Without any images, write the data out exactly as it appears.

_Raw data_:
════════════════════
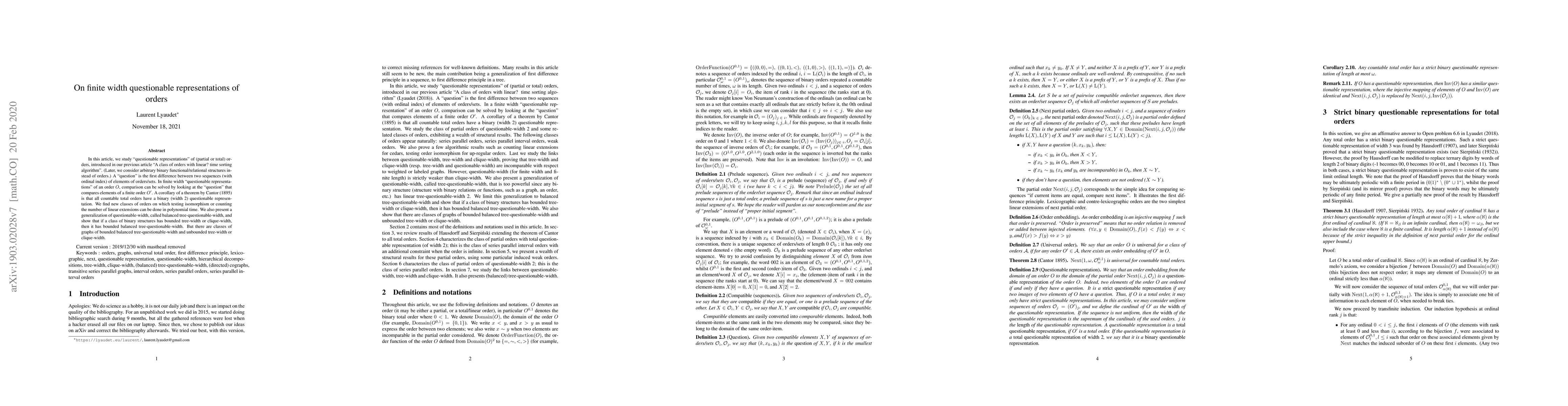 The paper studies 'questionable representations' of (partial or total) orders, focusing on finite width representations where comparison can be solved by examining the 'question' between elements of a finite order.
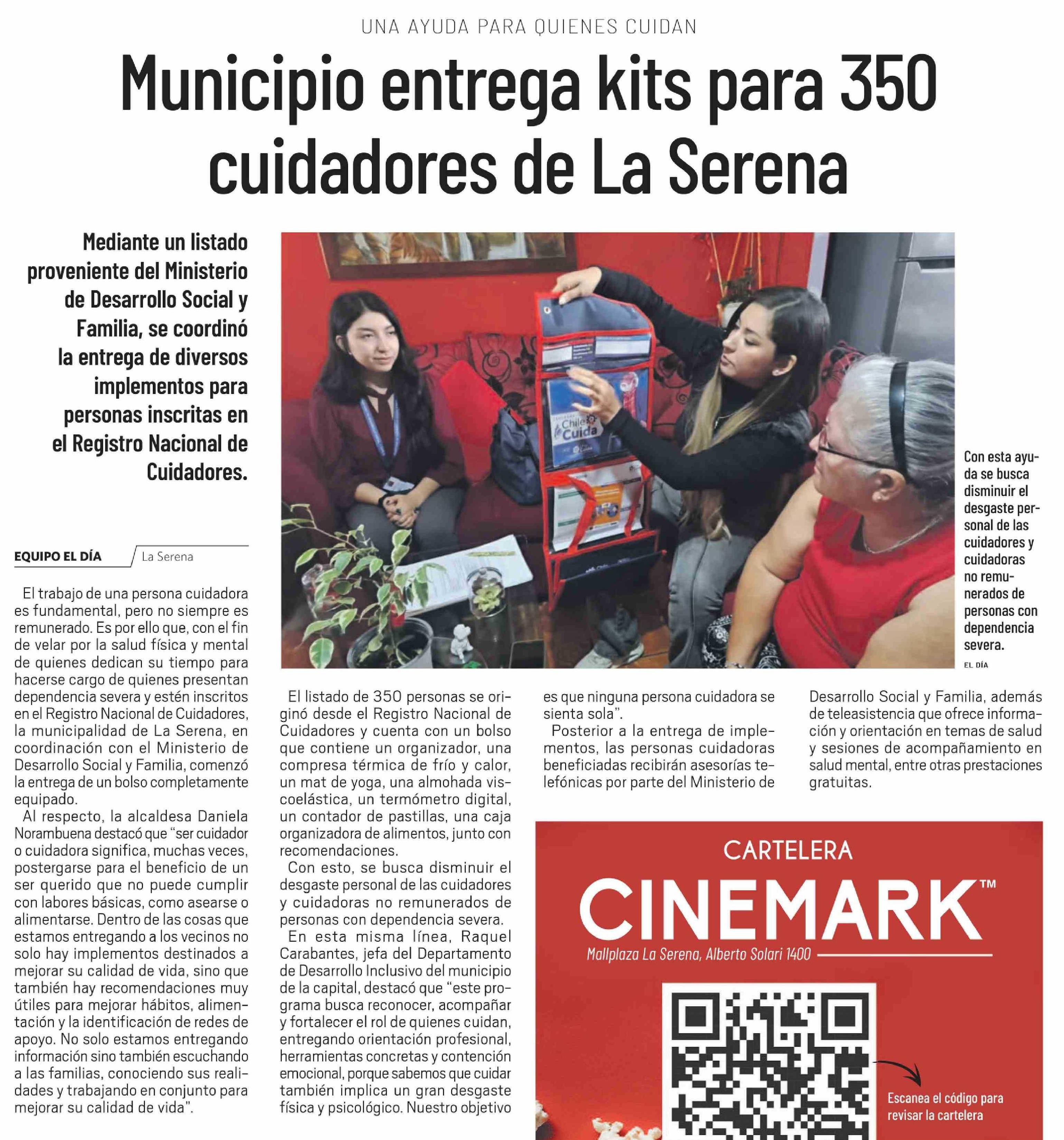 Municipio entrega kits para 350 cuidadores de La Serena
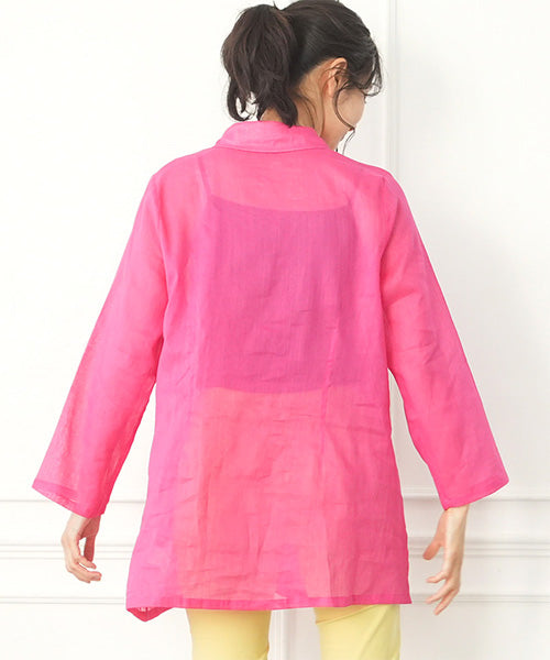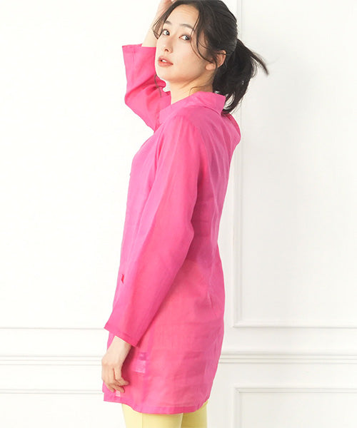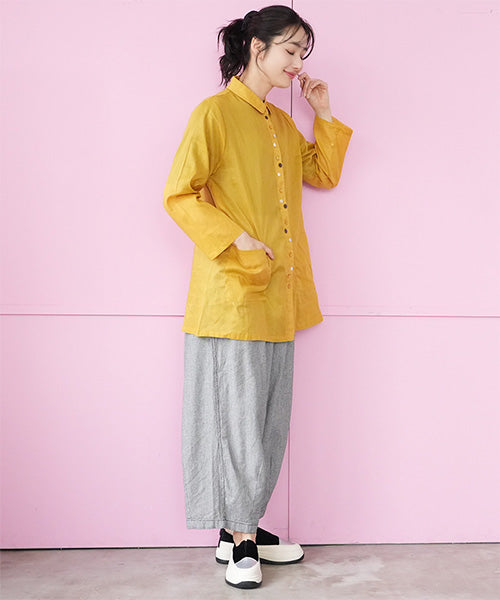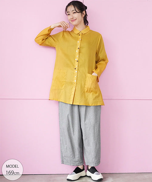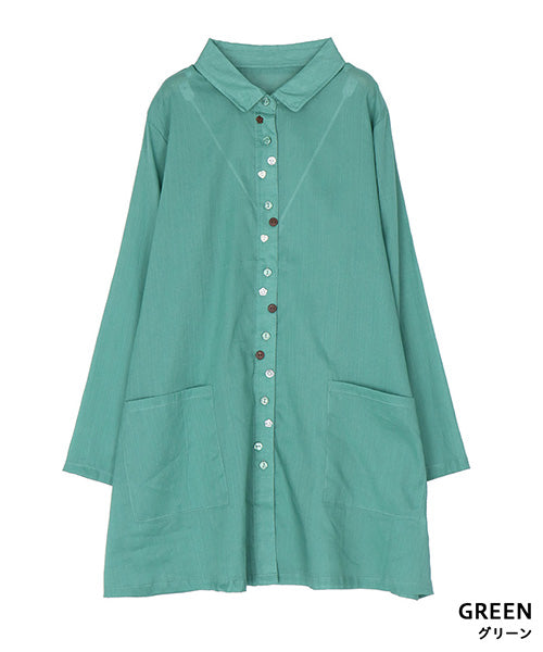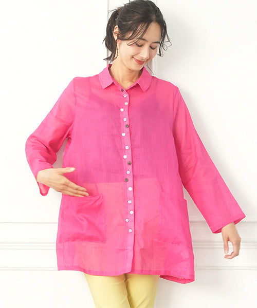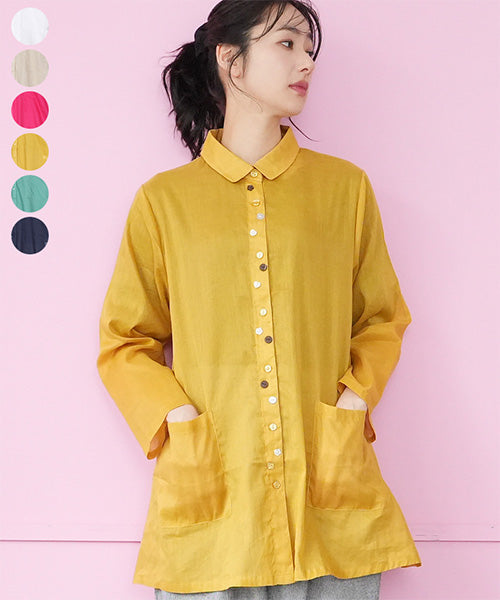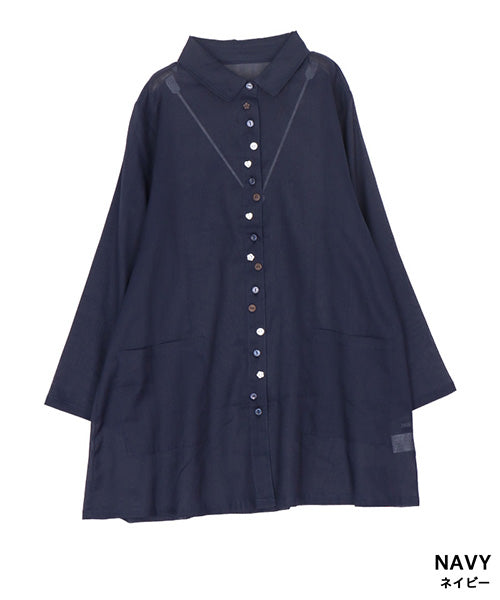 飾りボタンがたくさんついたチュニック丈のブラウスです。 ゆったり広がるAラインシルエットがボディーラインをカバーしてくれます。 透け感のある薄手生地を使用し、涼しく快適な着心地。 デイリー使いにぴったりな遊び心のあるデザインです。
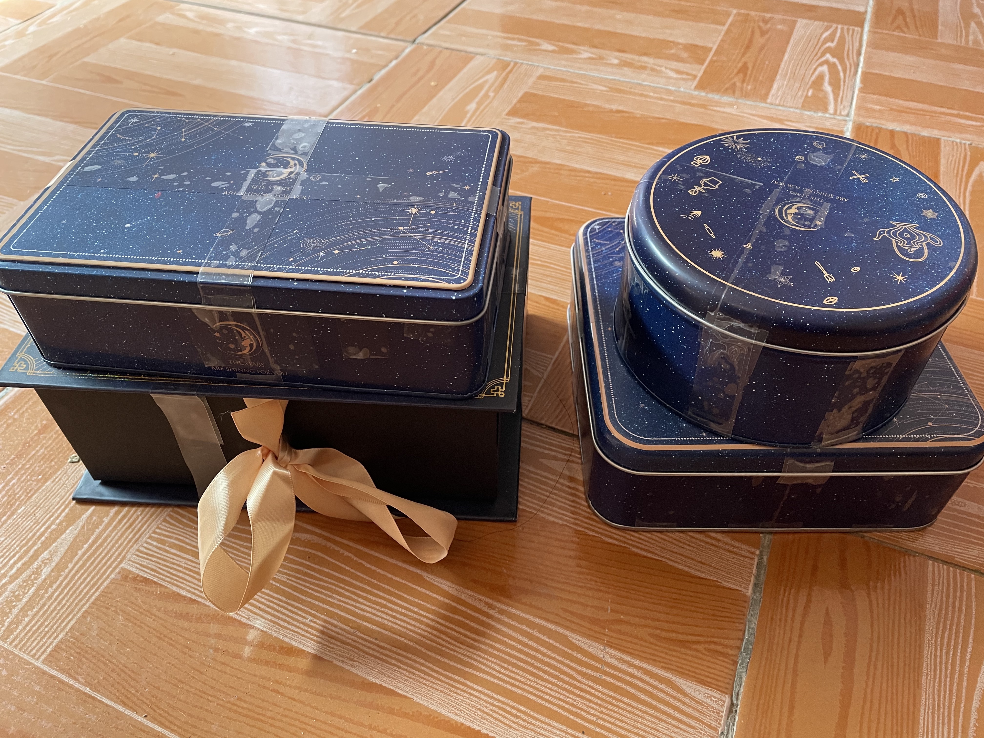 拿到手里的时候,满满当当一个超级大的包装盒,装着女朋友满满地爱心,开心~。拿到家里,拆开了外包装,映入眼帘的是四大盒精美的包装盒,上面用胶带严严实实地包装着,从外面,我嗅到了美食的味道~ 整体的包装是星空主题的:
════════════════════
_Answer space_:
 The paper studies 'questionable representations' of (partial or total) orders, focusing on finite width representations where comparison can be solved by examining the 'question' between elements of a finite order.
 Municipio entrega kits para 350 cuidadores de La Serena
 飾りボタンがたくさんついたチュニック丈のブラウスです。 ゆったり広がるAラインシルエットがボディーラインをカバーしてくれます。 透け感のある薄手生地を使用し、涼しく快適な着心地。 デイリー使いにぴったりな遊び心のあるデザインです。
 拿到手里的时候,满满当当一个超级大的包装盒,装着女朋友满满地爱心,开心~。拿到家里,拆开了外包装,映入眼帘的是四大盒精美的包装盒,上面用胶带严严实实地包装着,从外面,我嗅到了美食的味道~ 整体的包装是星空主题的:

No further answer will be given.